Mary’s best friend, Loretta Haggers (Mary Kay Place), a buxom blond with a heart of gold who aspires to become a country-western star, is paralyzed after a car accident involving a station wagon full of nuns. When Mary brings an ill neighbor a bowl of her chicken soup, the man, who has been washing his medicine down with whiskey, becomes sleepy and drowns in the soup while Mary and his wife chat. Through all of life’s crises, Mary frets over such domestic challenges as the possibility of waxy yellow buildup on her kitchen floor.

Frustrated and depressed, Mary is flattered by the attentions of Dennis Foley (Bruce Solomon), a local police sergeant who is madly in love with her. She skittishly resists his interest at first; when they finally begin an affair, he has a heart attack. In the first season’s finale, Mary has a nervous breakdown on a talk show on which she represents an average housewife.

Citing the strain of appearing in a daily television show, Lasser left the show during its second season.

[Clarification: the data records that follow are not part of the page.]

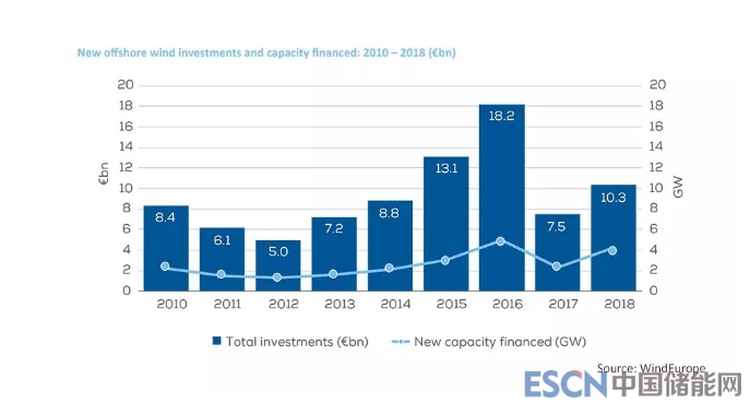 另外還有12個(gè)新的海上風(fēng)電項(xiàng)目于2018年達(dá)成最終投資決策,這意味著產(chǎn)能將進(jìn)一步增加4.2吉瓦,投資額將達(dá)到103億歐元。2018年的海上風(fēng)電投資數(shù)據(jù)同樣增長(zhǎng),較之2017年的水平增長(zhǎng)了37%,但促進(jìn)產(chǎn)能增加的資金增長(zhǎng)了86%,這表明成本下降的速度和每單元投資可以產(chǎn)生的容量。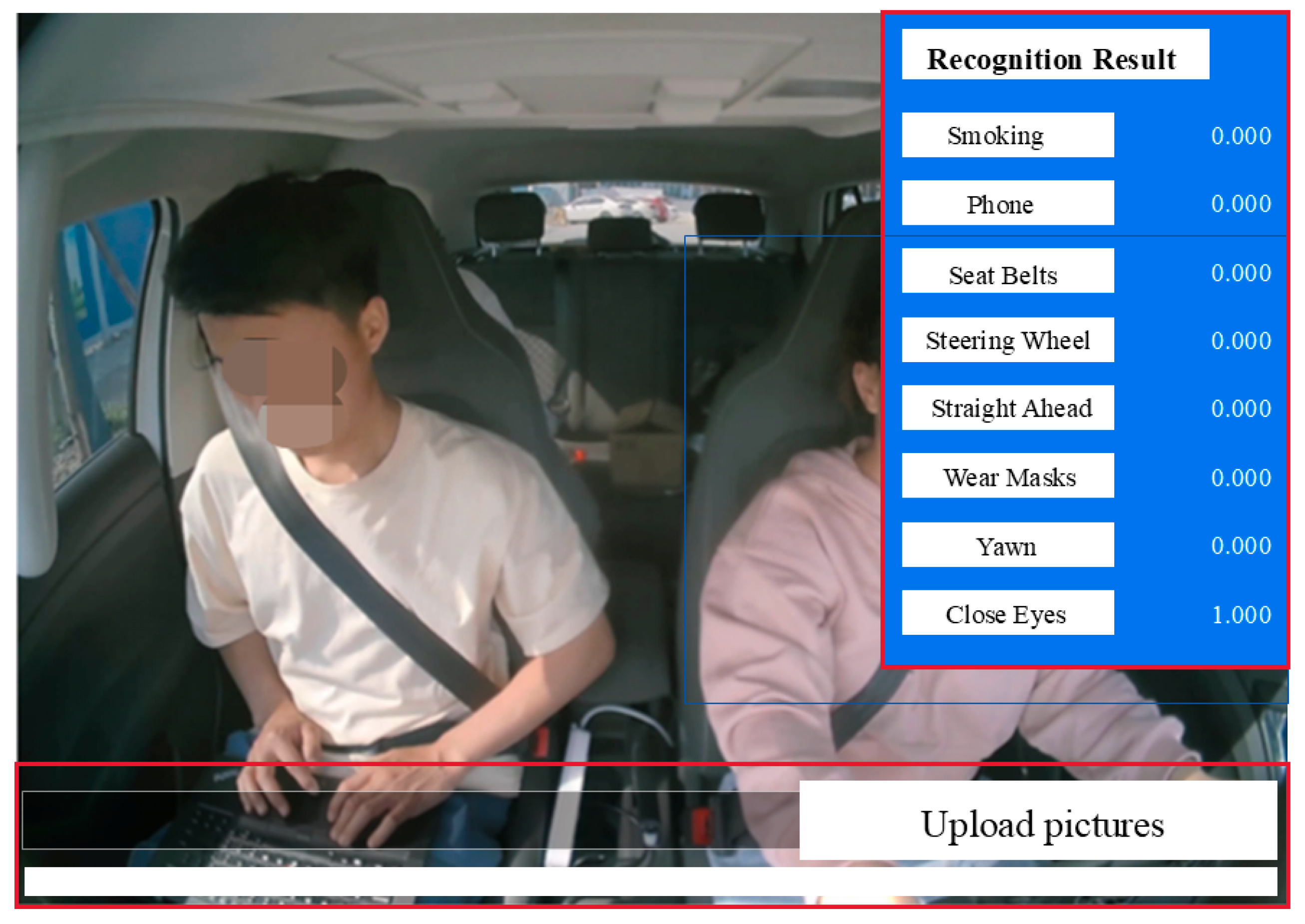 The evaluation dataset consisted of images collected from young Asian male and female subjects. Identical driver behavior images were uploaded to both the commercial platform and the proposed DFMS, and the resulting recognition outputs were analyzed under the same testing conditions. The comparison results are summarized in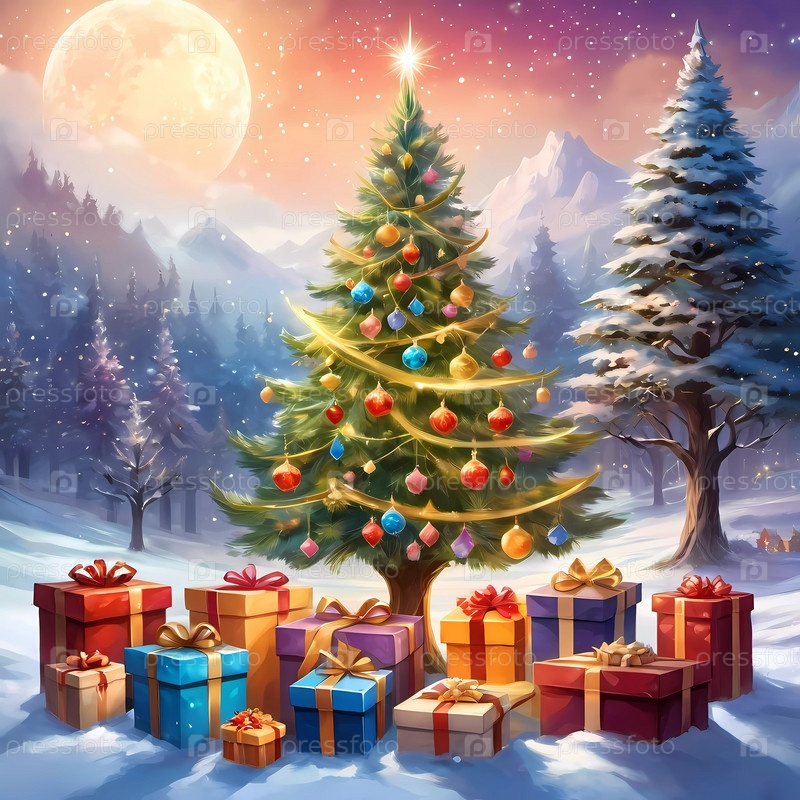 Декорированная рождественская елка, украшенная разноцветными игрушками и сложенными подарками, готова к празднованию в уютной праздничной обстановке. упакованные подарки разных цветов. Праздничная атмосфера, теплота и радость. AI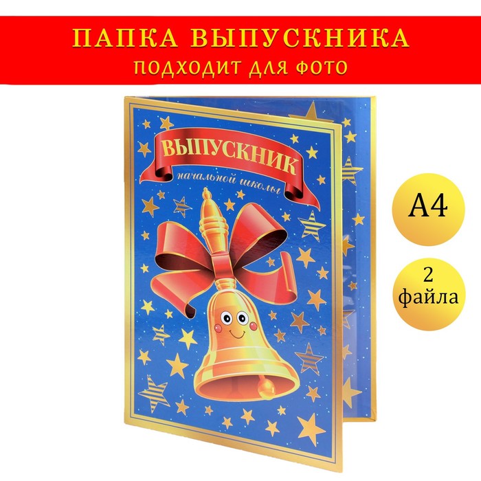 Папка с двумя файлами А4 "Выпускник начальной школы" колокольчик и синий фон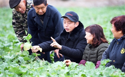 27日,咸安区汀泗桥镇赤岗村,农技专家高敏在给当地农民传授蔬菜管理技术。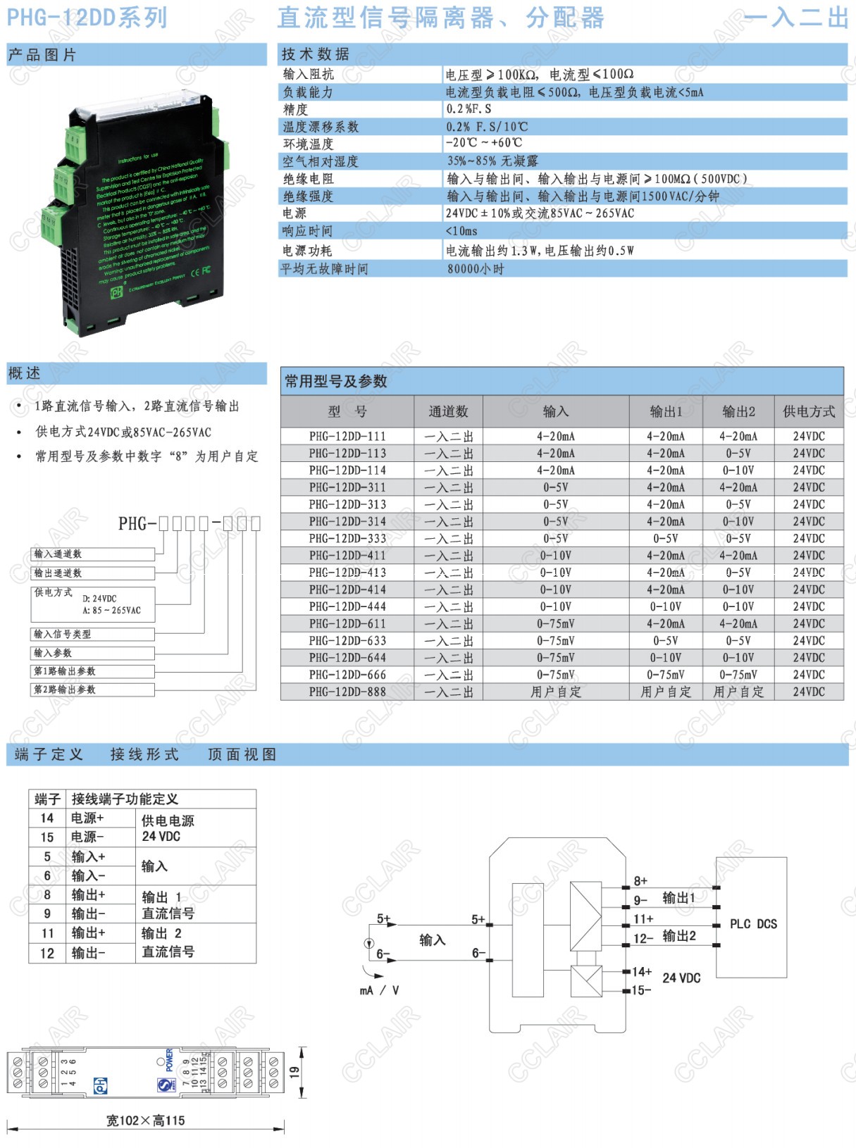 PHG-12DD-111,PHG-12DD-313,PHG-12DD-414,PHG-12DD-888,PHG-12DD,直流型信號(hào)隔離器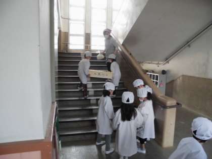 給食室から遠いので運ぶのが大変ですが,頑張っていました。また,手洗いや身支度など覚えることもたくさんですが意欲的にやっていました。

Her absence was explained by having her desert Tom and Heather to run off with Sergeant Foley. The show continued under the name Forever Fernwood, but without Mary the ratings declined and the series was cancelled six months after Lasser left.

Impact

Mary Hartman, Mary Hartman was a darkly comic parody of soap operas and consumerism. The show’s lead character was a constant viewer of such fictional shows as Tears of Our Years, and her life was guided by advertising slogans. Unlike in typical soap operas, the characters were lower-middle-class factory workers and aproned housewives. Heather was unlike the perky but mischievous children usually seen on television, and Cathy’s open promiscuity was daring for television in the 1970’s.

Bibliography

Marc, David. Comic Visions: Television Comedy and American Culture. 2d ed. Malden, Mass.: Blackwell, 1997.

Marc, David, and Robert J. Thompson. Prime Time, Prime Movers: From “I Love Lucy” to “L.A. Law”—America’s Greatest TV Shows and the People Who Created Them. Boston: Little, Brown, 1992.

Ozersky, Josh, et al. Archie Bunker’s America: TV in an Era of Change, 1968-1978. Carbondale: Southern Illinois University Press, 2003.